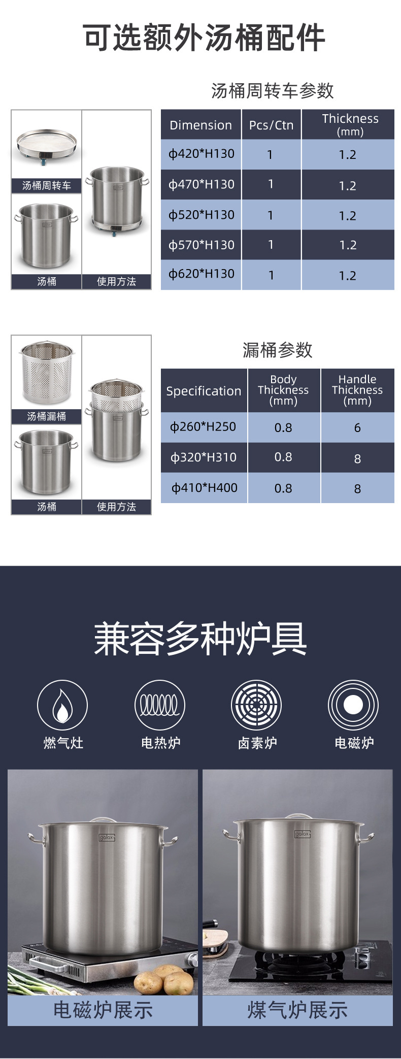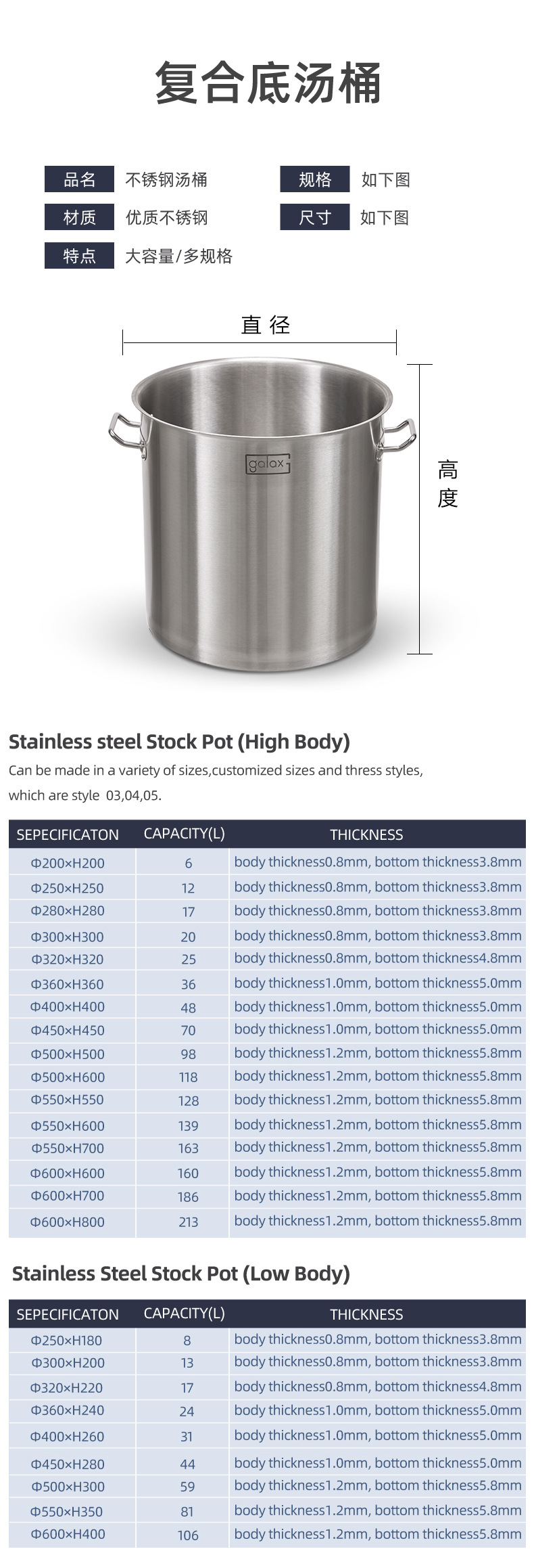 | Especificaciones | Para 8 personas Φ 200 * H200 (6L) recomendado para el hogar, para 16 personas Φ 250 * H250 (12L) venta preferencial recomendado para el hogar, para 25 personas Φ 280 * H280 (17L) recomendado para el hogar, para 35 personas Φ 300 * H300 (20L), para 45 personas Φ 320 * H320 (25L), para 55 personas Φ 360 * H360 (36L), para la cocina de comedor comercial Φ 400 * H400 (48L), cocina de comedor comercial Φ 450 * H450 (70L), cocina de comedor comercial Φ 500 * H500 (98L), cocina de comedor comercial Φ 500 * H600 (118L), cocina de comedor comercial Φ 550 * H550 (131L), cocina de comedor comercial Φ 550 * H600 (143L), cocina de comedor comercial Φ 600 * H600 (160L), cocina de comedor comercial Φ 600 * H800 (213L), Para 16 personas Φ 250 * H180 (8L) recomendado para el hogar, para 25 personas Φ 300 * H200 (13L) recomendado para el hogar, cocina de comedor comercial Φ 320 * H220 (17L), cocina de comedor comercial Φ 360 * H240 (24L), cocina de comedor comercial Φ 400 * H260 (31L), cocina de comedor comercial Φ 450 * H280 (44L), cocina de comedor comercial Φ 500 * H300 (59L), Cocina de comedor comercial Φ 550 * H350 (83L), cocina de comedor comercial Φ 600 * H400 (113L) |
---
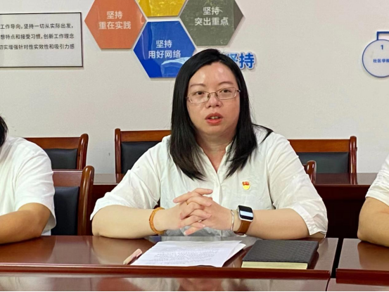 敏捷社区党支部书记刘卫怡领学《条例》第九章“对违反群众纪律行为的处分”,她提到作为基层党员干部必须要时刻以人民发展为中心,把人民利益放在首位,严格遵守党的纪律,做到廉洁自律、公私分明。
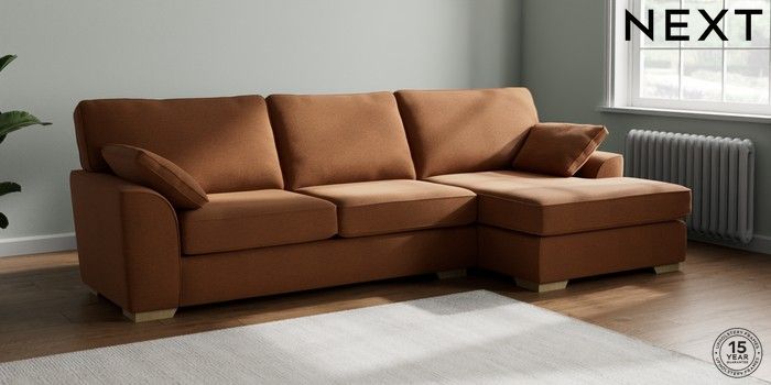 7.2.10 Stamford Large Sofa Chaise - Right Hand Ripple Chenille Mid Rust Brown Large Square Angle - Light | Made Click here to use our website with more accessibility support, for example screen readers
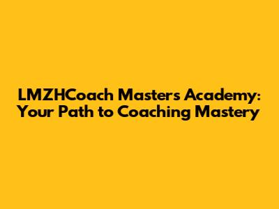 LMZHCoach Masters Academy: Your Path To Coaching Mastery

EXERCISE BRIEF:
Copy exactly, without pictures, the lines above from the one with "7.2.10 Stamford Large" down to the one with "LMZHCoach Masters Academy: Your", inclusive.

SOLUTION FOR THIS EXERCISE:
 7.2.10 Stamford Large Sofa Chaise - Right Hand Ripple Chenille Mid Rust Brown Large Square Angle - Light | Made Click here to use our website with more accessibility support, for example screen readers
 LMZHCoach Masters Academy: Your Path To Coaching Mastery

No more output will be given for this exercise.